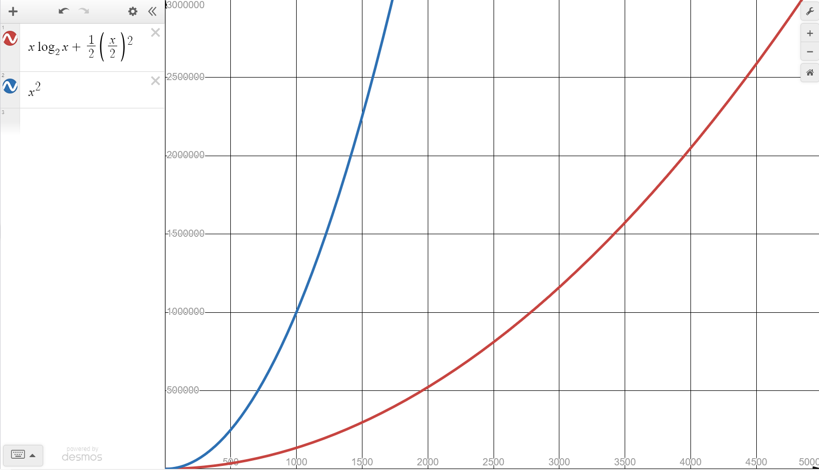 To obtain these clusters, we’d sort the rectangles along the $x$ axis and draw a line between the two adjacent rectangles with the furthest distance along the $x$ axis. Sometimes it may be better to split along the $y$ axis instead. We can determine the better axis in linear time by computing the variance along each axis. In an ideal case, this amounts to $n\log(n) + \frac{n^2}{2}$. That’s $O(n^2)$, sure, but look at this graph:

===============

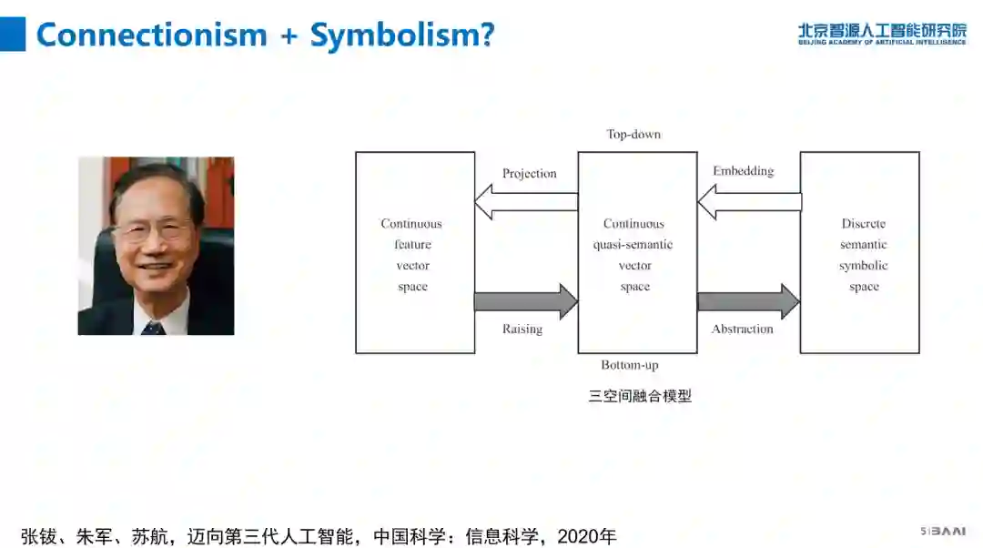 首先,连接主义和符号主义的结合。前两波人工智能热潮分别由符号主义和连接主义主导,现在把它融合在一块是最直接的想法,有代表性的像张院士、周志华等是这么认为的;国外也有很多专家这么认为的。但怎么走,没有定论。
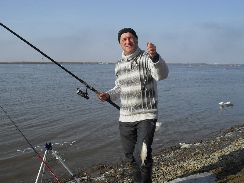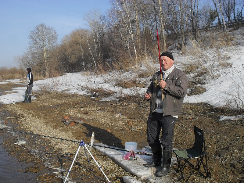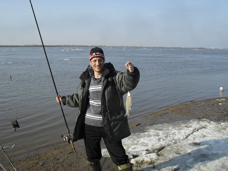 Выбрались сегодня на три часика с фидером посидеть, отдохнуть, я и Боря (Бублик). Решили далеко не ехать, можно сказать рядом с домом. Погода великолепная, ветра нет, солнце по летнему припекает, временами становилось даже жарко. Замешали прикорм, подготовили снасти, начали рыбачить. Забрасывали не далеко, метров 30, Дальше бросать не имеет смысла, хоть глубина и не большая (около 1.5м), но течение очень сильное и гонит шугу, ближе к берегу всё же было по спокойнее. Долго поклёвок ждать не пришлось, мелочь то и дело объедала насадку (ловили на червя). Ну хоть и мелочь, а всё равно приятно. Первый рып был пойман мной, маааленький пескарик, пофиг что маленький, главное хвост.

===============

■ **EXERCISE OBJECTIVE**: Produce an exact reproduction of the listing above, limited to the lines starting at the line with "首先,连接主义和符号主义的结" and ending at the line with "Выбрались сегодня на", both kept, with every picture left out.

■ **ANSWER TO THIS TASK**:
 首先,连接主义和符号主义的结合。前两波人工智能热潮分别由符号主义和连接主义主导,现在把它融合在一块是最直接的想法,有代表性的像张院士、周志华等是这么认为的;国外也有很多专家这么认为的。但怎么走,没有定论。
 Выбрались сегодня на три часика с фидером посидеть, отдохнуть, я и Боря (Бублик). Решили далеко не ехать, можно сказать рядом с домом. Погода великолепная, ветра нет, солнце по летнему припекает, временами становилось даже жарко. Замешали прикорм, подготовили снасти, начали рыбачить. Забрасывали не далеко, метров 30, Дальше бросать не имеет смысла, хоть глубина и не большая (около 1.5м), но течение очень сильное и гонит шугу, ближе к берегу всё же было по спокойнее. Долго поклёвок ждать не пришлось, мелочь то и дело объедала насадку (ловили на червя). Ну хоть и мелочь, а всё равно приятно. Первый рып был пойман мной, маааленький пескарик, пофиг что маленький, главное хвост.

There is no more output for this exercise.